Catalytic behavior of lipase immobilized onto congo red and PEG-decorated particles.

Abstract

Poly(ethylene glycol) (PEG)-decorated polystyrene (PS) nanoparticles with mean hydrodynamic diameter (D) and zeta–potential (ζ) of (286 ± 15) nm and (−50 ± 5) mV, respectively, were modified by the adsorption of Congo red (CR). The PS/PEG/CR particles presented D and ζ values of (290 ± 19) nm and (−36 ± 5) mV, respectively.
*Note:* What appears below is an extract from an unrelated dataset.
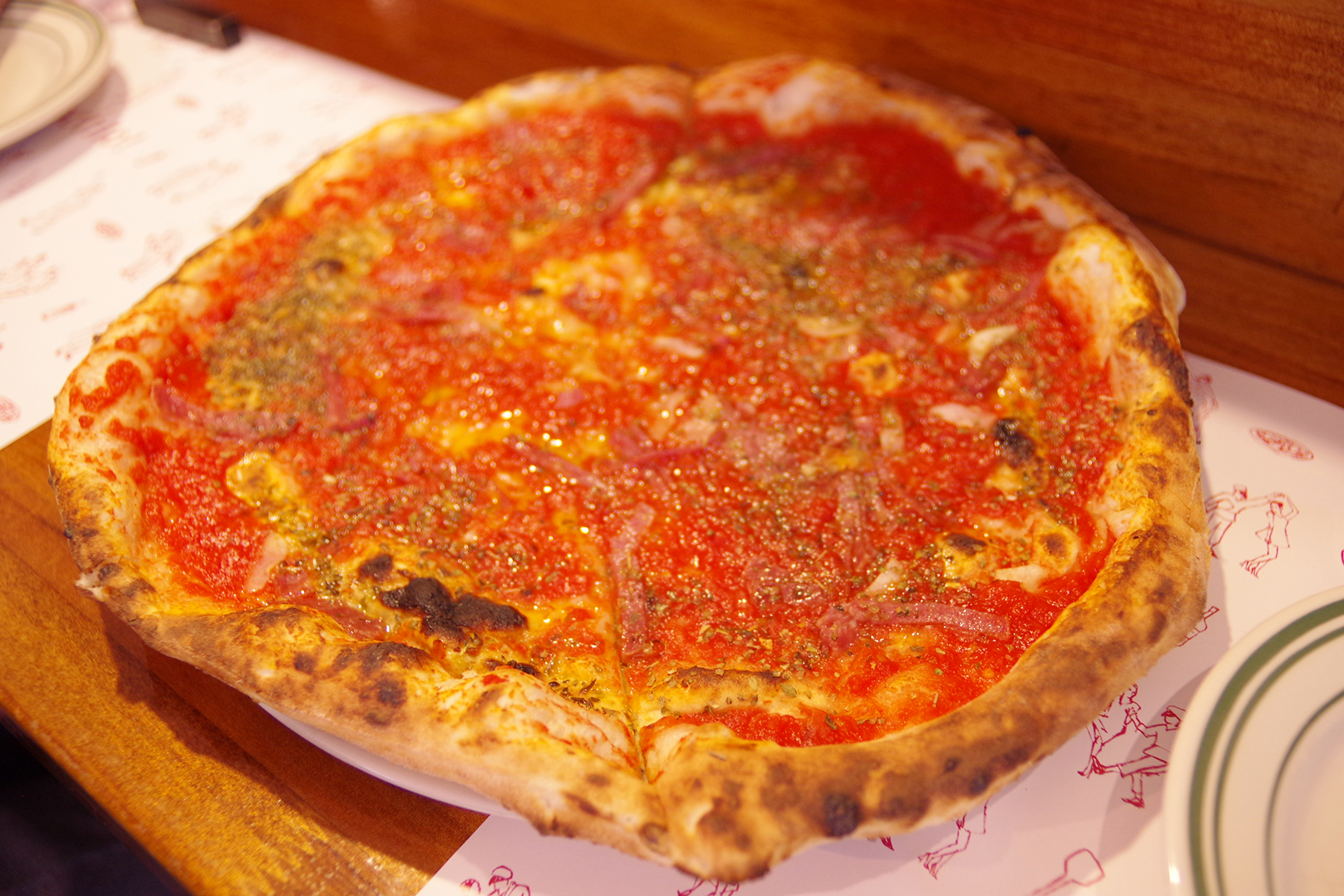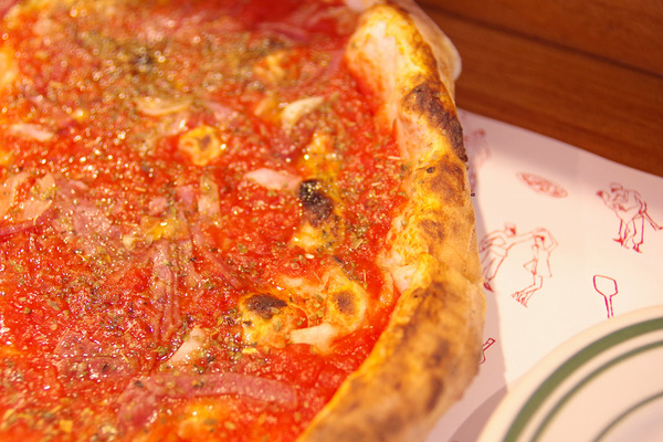 もう一枚はいつもはマリナーラですが、あまり来られないお店だからと「マリナーラ コン サラメ」を。基本のトマトソース、オレガノ、ニンニクに細切りのサラミがプラスされています。
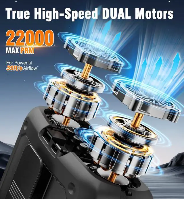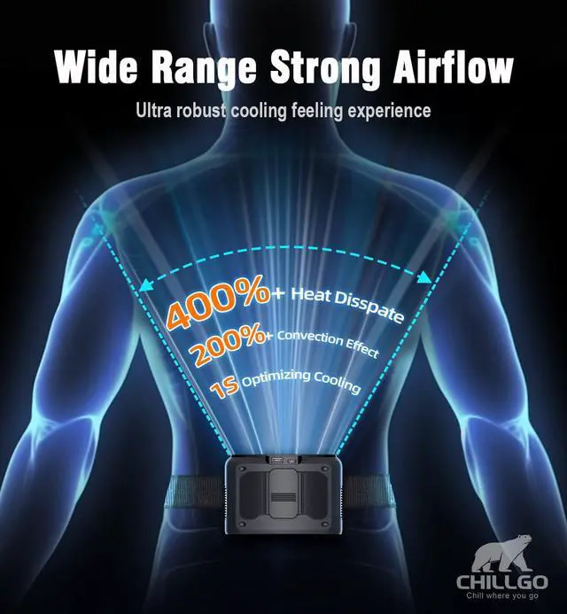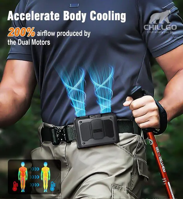 Dual Motors, Strong Breeze - Powerful dual motors, this portable waist fan significantly enhanced wind speed: Powered by dual motors, this portable fan is durable. With an upgraded airflow channel, the wind speed can reach 2 - 4 times stronger, providing a more refreshing experience

The adsorption of lipase onto PS/PEG or PS/PEG/CR particles at (24 ± 1) °C and pH 7 changed the mean D value to (380 ± 20) and (405 ± 11) nm, respectively, and ζ value to (−32 ± 4) mV and (−25 ± 2) mV, respectively. The kinetic parameters of the hydrolysis of p-nitrophenyl butyrate were determined for free lipase, lipase immobilized onto PS/PEG and PS/PEG/CR particles. Lipase on PS/PEG/CR presented the largest Michaelis-Menten constant (KM), but also the highest Vmax and kcat values. Moreover, it could be recycled seven times, losing a maximum 10% or 30% of the original enzymatic activity at 40 °C or 25 °C, respectively. Although lipases immobilized onto PS/PEG particles presented the smallest KM values, the reactions were comparatively the slowest and recycling was not possible. Hydrolysis reactions performed in the temperature range of 25 °C to 60 °C with free lipases and lipases immobilized onto PS/PEG/CR particles presented an optimal temperature at 40 °C. At 60 °C free lipases and lipases immobilized onto PS/PEG/CR presented ~80% and ~50% of the activity measured at 40 °C, indicating good thermal stability. Bioconjugation effects between CR and lipase were evidenced by circular dichroism spectroscopy and spectrophotometry. CR molecules mediate the open state conformation of the lipase lid and favor the substrate approaching.